Retype nothing except the lines below from the one with "If you've used" through the one with "วันที่ 2 พ.ค.2565", exactly, with images left out.

## DATA RECORDS
=-=-=

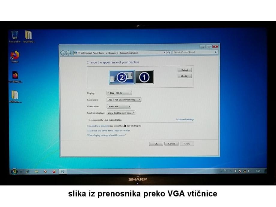 Zdaj so nastavljeni slovenski TV kanali preko sobne/strešne antene na 32. kanalu UHF (osrednja Slovenija: Gorenjska, Ljubljana, Dolenjska):
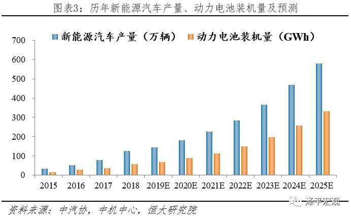 行業(yè)仍有很大發(fā)展空間。按照2025年新能源汽車(chē)產(chǎn)量590萬(wàn)輛測(cè)算,動(dòng)力電池需求量將達(dá)到330.6GWh,相比2018年57.07GWh,對(duì)應(yīng)年復(fù)合增速為28.52%。
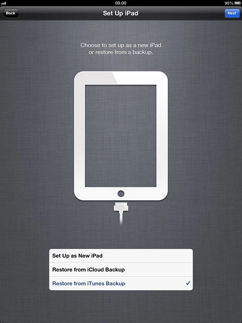 If you've used an iPad before and want to restore previous content from an iTunes backup:
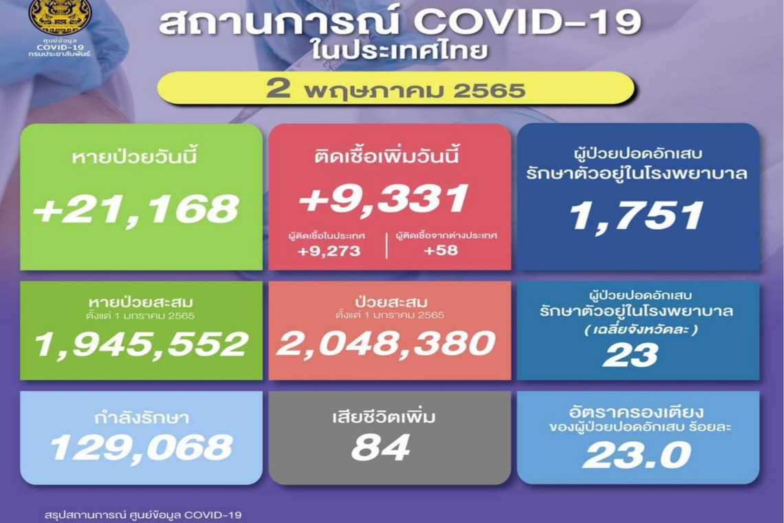 วันที่ 2 พ.ค.2565 ศูนย์ข้อมูล COVID-19 รายงานยอดผู้ติดเชื้อโควิด-19 รายใหม่จำนวน 9,331 ราย จำแนกเป็น ติดเชื้อในประเทศ 9,273 ราย ติดเชื้อจากต่างประเทศ 58 ราย ทำให้ยอดผู้ป่วยสะสมตั้งแต่ 1 มกราคม 2565 มีจำนวน 2,048,380 ราย
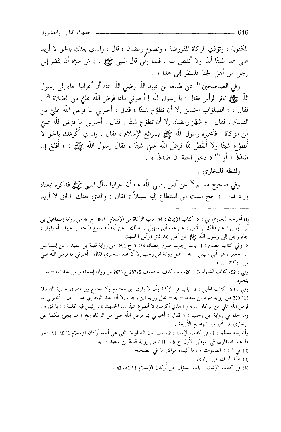 (¬1) صحيح البخاري 1/18 (46) ، وصحيح مسلم 1/31 (11) (9) .
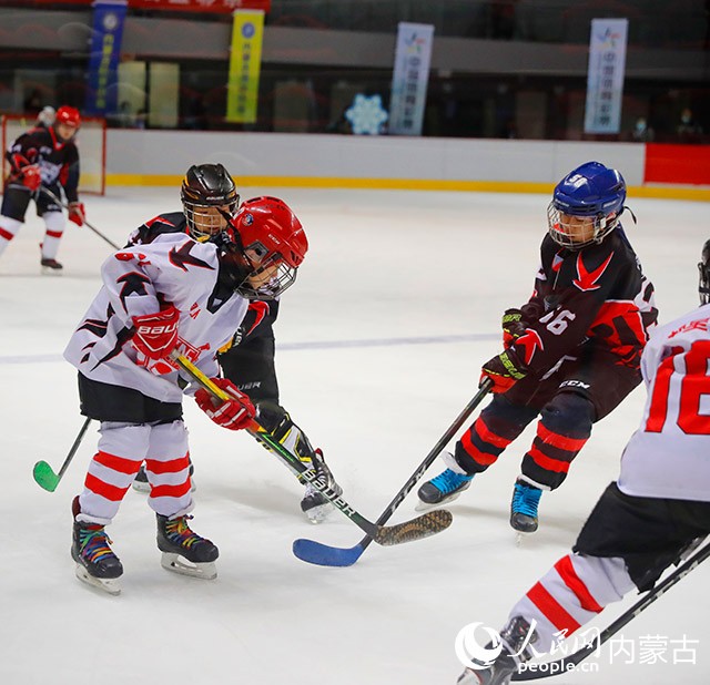 青少年冰球運(yùn)動(dòng)員正在冰場(chǎng)訓(xùn)練。人民網(wǎng) 劉藝琳攝

=-=-=

## RESPONSE
 If you've used an iPad before and want to restore previous content from an iTunes backup:
 วันที่ 2 พ.ค.2565 ศูนย์ข้อมูล COVID-19 รายงานยอดผู้ติดเชื้อโควิด-19 รายใหม่จำนวน 9,331 ราย จำแนกเป็น ติดเชื้อในประเทศ 9,273 ราย ติดเชื้อจากต่างประเทศ 58 ราย ทำให้ยอดผู้ป่วยสะสมตั้งแต่ 1 มกราคม 2565 มีจำนวน 2,048,380 ราย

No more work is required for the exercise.